Harper’s stats, have reflected his struggles, with his batting average dropping to .250 for the period following the initial injury in April (from .344 in the first 26 games). Of course it by no means clear that the earlier numbers are representative of where he would otherwise wind up at the end of the season were he to have remained healthy. However, should his numbers stick at .275 with an OPS of .885, Harper is still on pace to surpass his rookie season. It does seem likely that a healthy Harper might have cooled down but remain a .300 hitter.
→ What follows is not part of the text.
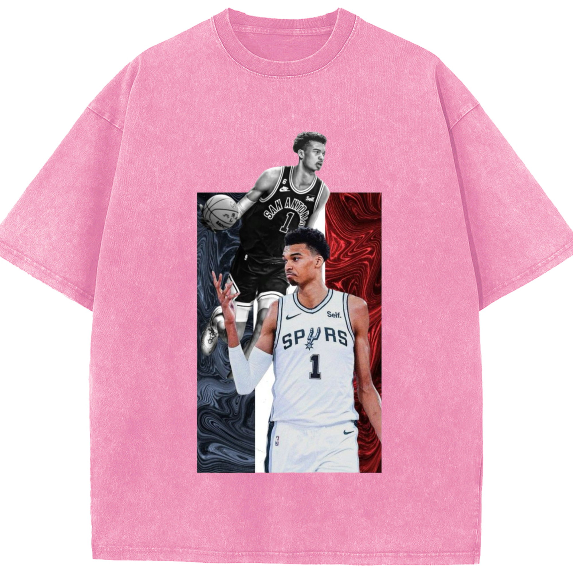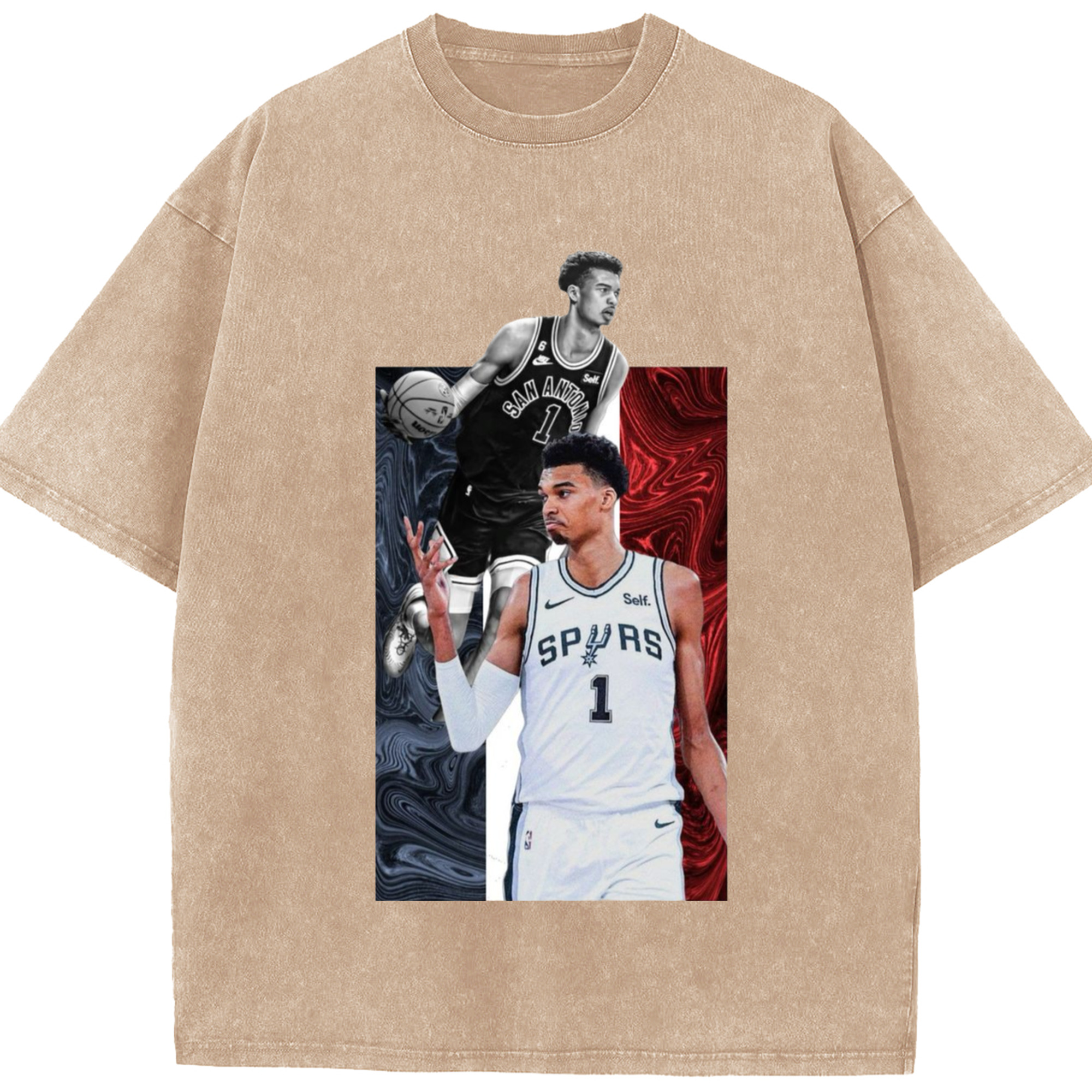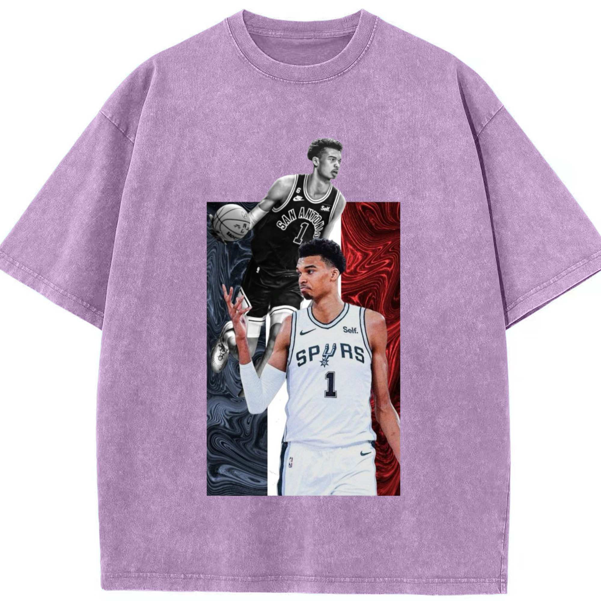 San Antonio Spurs Victor Wembanyama Tee - Washed Vintage Look 230g Cotton Oversized T-Shirt With Front Heat Transfer Print – Soft, Lightweight, Stylish Fit – Comfortable Casual Wear For Sports & Everyday Use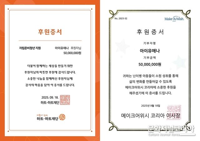 아이유는 데뷔 기념일, 자신의 생일, 연말연시 등 매해 뜻깊은 날마다 ‘아이유애나’ 이름으로 꾸준 히 기부하며 선한 영향력을 전해왔다. 올해 3월에는 경상권 일대의 대형 산불 피해 지원과 소방 관의 처우 개선을 위해 2억 원을 기부했고, 어린이날에는 아동·청소년을 위해 1억 5천만 원 기부, 생일에는 취약 계층을 위해 2억 원을 기부하며 따뜻한 나눔을 실천한 바 있다.

Reports also point out that Davey Johnson had questioned Harper about his knee when he seemed to lack hustle getting to first base at end August. Johnson evidently felt the knee was still part of the injury equation, and intimated it may ultimately require offseason surgery. Was it the knee, hip or both that were at fault? Perhaps Johnson simply faulted the left knee because he wasn’t aware of the left hip injury. As to the hip diagnosis? I’ve seen no definitive reports in the media.
It certainly seems odd for a training staff to keep injury news from a manager, but is at the same time plausible that this occurs more than we know because of the confidentiality requested by players. It happened earlier this season with the Yankees, when the training staff revealed Teixeira’s prior issues in practice only after he exacerbated his wrist injury. Girardi was reportedly left to assume that the player had been progressing uneventfully. Makes no sense to me, for decisions have to be based on knowledge and playing hurt can have a significant impact on both performance and long term prognosis.